# DATA FOR ANALYSIS
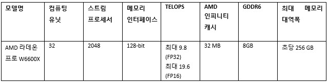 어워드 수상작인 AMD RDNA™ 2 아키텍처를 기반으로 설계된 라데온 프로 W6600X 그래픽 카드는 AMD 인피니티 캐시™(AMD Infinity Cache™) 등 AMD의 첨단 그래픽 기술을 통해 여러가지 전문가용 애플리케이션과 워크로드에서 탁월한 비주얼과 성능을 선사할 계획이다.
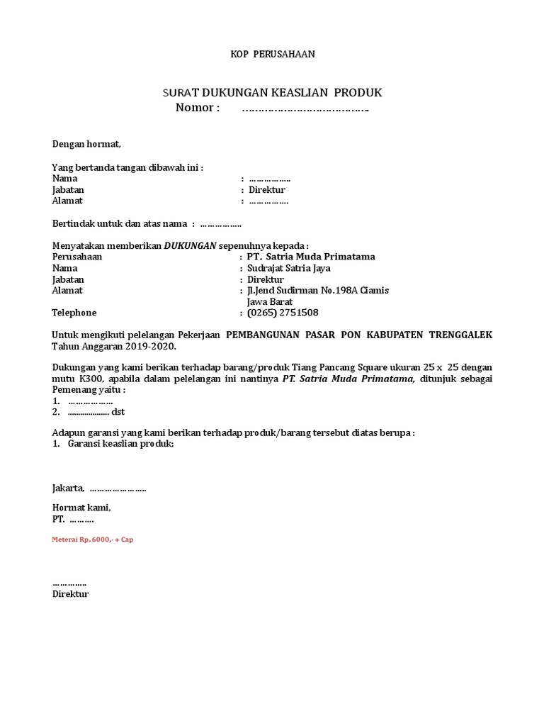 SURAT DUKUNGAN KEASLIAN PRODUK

...

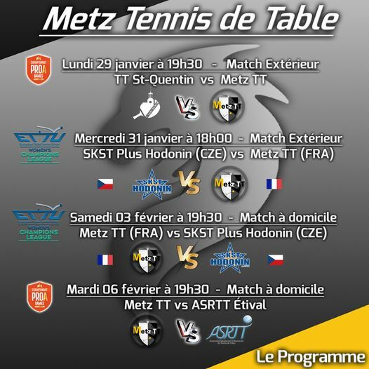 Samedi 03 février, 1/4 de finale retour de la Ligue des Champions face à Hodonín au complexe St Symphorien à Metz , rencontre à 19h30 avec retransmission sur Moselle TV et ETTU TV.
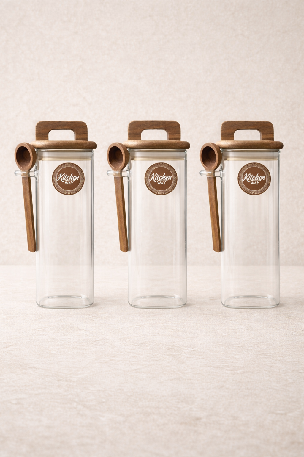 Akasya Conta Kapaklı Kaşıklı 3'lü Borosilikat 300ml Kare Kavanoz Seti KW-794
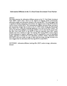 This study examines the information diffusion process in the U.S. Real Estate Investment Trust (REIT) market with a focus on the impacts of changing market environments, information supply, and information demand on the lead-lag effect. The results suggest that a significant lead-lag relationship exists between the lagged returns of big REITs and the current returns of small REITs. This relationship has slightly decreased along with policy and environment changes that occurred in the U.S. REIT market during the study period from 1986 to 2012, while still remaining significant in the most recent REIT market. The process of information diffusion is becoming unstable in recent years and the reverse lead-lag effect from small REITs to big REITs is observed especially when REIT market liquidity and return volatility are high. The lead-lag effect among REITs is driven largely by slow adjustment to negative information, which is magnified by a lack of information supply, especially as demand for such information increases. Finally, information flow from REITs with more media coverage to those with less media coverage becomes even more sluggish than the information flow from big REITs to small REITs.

==

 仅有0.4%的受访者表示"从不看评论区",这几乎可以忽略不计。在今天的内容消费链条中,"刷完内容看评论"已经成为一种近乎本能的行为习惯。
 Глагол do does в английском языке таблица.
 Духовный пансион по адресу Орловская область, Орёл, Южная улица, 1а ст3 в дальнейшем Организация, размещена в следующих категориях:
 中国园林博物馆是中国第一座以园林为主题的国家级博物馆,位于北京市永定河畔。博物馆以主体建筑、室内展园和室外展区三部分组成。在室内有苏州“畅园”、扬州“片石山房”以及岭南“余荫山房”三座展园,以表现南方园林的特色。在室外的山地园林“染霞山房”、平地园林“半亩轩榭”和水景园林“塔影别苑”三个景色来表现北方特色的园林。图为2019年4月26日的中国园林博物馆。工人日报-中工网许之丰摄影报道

# TASK GOAL
All lines above from the line with "Глагол do does в английском языке таблица." through the line with "中国园林博物馆是中国第一座以", both included, are to be set down exactly, with nothing else.

# WRITTEN SOLUTION
 Глагол do does в английском языке таблица.
 Духовный пансион по адресу Орловская область, Орёл, Южная улица, 1а ст3 в дальнейшем Организация, размещена в следующих категориях:
 中国园林博物馆是中国第一座以园林为主题的国家级博物馆,位于北京市永定河畔。博物馆以主体建筑、室内展园和室外展区三部分组成。在室内有苏州“畅园”、扬州“片石山房”以及岭南“余荫山房”三座展园,以表现南方园林的特色。在室外的山地园林“染霞山房”、平地园林“半亩轩榭”和水景园林“塔影别苑”三个景色来表现北方特色的园林。图为2019年4月26日的中国园林博物馆。工人日报-中工网许之丰摄影报道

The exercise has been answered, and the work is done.